Several psychobiological investigations of antisocial and behaviorally dysregulated adults with and without PSUD have reported diminished secretion of the adrenal “stress” hormone, cortisol (King et al 1990; Virkkunen 1985; Woodman et al 1978). Among normal adults, moderately higher morning cortisol concentrations have been associated with greater self-efficacy, emotional stability, high life satisfaction, and successful achievement (Brandtstadter et al 1991). In contrast, markedly higher cortisol concentrations are associated with anxiety, depression, introversion, and arousal (Sachar 1970; Rose 1980; Dabbs and Hopper 1990).


In children, findings of reduced basal cortisol concentrations have been associated with aggressivity (Tennes et al 1986). hostility (Tennes and Kreye 1985), and conduct disorder severity (Vanyukov et al 1993) by some, but not all, investigators (Kruesi et al 1989; McBumett et al 1991). Conversely, shy and behaviorally inhibited children were found to have higher resting salivary cortisol concentrations (Kagan et al 1988). Thus, extreme cortisol responses in children may reflect a biological concomitant of either behavioral dysregulation at lower cortisol concentrations or excessive behavioral inhibition at higher concentrations.

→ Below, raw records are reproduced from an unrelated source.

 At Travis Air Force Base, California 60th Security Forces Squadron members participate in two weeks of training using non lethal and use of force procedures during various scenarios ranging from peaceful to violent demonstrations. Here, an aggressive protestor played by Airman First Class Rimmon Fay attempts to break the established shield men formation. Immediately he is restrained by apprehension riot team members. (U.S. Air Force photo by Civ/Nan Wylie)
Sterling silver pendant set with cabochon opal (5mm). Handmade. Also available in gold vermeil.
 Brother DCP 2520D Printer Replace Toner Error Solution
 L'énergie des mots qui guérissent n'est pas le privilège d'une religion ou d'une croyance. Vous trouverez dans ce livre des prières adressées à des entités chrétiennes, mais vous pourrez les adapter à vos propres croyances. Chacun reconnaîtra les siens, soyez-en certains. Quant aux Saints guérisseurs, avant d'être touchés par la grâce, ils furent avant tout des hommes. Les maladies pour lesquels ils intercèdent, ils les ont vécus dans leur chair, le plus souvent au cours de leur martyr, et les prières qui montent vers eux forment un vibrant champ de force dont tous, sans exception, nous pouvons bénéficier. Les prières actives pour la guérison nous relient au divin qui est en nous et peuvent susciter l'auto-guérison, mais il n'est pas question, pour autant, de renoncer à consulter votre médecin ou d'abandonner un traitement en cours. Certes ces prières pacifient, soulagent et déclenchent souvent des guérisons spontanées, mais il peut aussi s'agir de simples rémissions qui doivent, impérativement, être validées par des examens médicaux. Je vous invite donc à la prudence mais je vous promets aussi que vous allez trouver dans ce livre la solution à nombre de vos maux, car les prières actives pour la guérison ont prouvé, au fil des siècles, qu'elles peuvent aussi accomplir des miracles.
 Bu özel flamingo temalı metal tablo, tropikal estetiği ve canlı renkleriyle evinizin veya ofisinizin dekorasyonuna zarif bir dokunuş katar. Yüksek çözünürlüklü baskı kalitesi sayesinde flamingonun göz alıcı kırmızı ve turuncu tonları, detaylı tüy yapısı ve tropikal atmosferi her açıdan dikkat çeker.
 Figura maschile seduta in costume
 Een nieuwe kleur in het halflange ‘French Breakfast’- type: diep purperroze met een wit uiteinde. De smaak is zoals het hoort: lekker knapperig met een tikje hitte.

The purpose of this investigation was three-fold. The first aim was to determine if sons of PSUD fathers (as a high-risk group) differed from control boys on salivary cortisol reactivity before and after a defined stressor. Salivary cortisol determinations are a valid, nontraumatic method to assess the dynamics of cortisol responsivity, which is of particular utility in children (Wolston et al 1983). The second aim was to test whether any group differences in cortisol responses were due to variations in perceived anxiety as measured by a state-anxiety questionnaire. Third, we examined whether impulsivity and problematic behavioral disposition accounted for the differences in the salivary cortisol concentrations observed among boys at grater or lesser risk for PSUD.



Method


Subjects

The sample consisted of two groups of boys between 10 and 12 years of age, ascertained through their fathers. Subjects were classified according to whether their fathers qualified for a lifetime diagnosis of PSUD for any illicit drug (family history positive [FHP]; n = 81) or had no psychiatric or substance use disorder (family history negative [FHN]; n = 103). Fathers in the FHP group were recruited through several outpatient substance abuse treatment facilities, community agencies (e.g., vocational rehabilitation agencies, community action groups, and churches), as well as by word-of-mouth. Fathers in the control group (FHN) were recruited through newspaper and radio advertisements, posters, and a sampling frame purchased from a marketing research firm. Table 1 summarizes the personal and demographic characteristics of the two groups. Between-group differences were evaluated by t tests. It is noteworthy that FHP boys tended to come from families with significantly lower socioeconomic status (SES) (Hollingshead 1990) than did FHN boys, consistent with the findings of the NIMH Epidemiologic Catchment Area Study (Anthony and Helzer 1991). This epidemiologic study confirmed earlier studies documenting higher rates of substance abuse disorders among men of lower social status (reviewed in Dohrenwend et al 1992). Consequently, the present analyses controlled for SES.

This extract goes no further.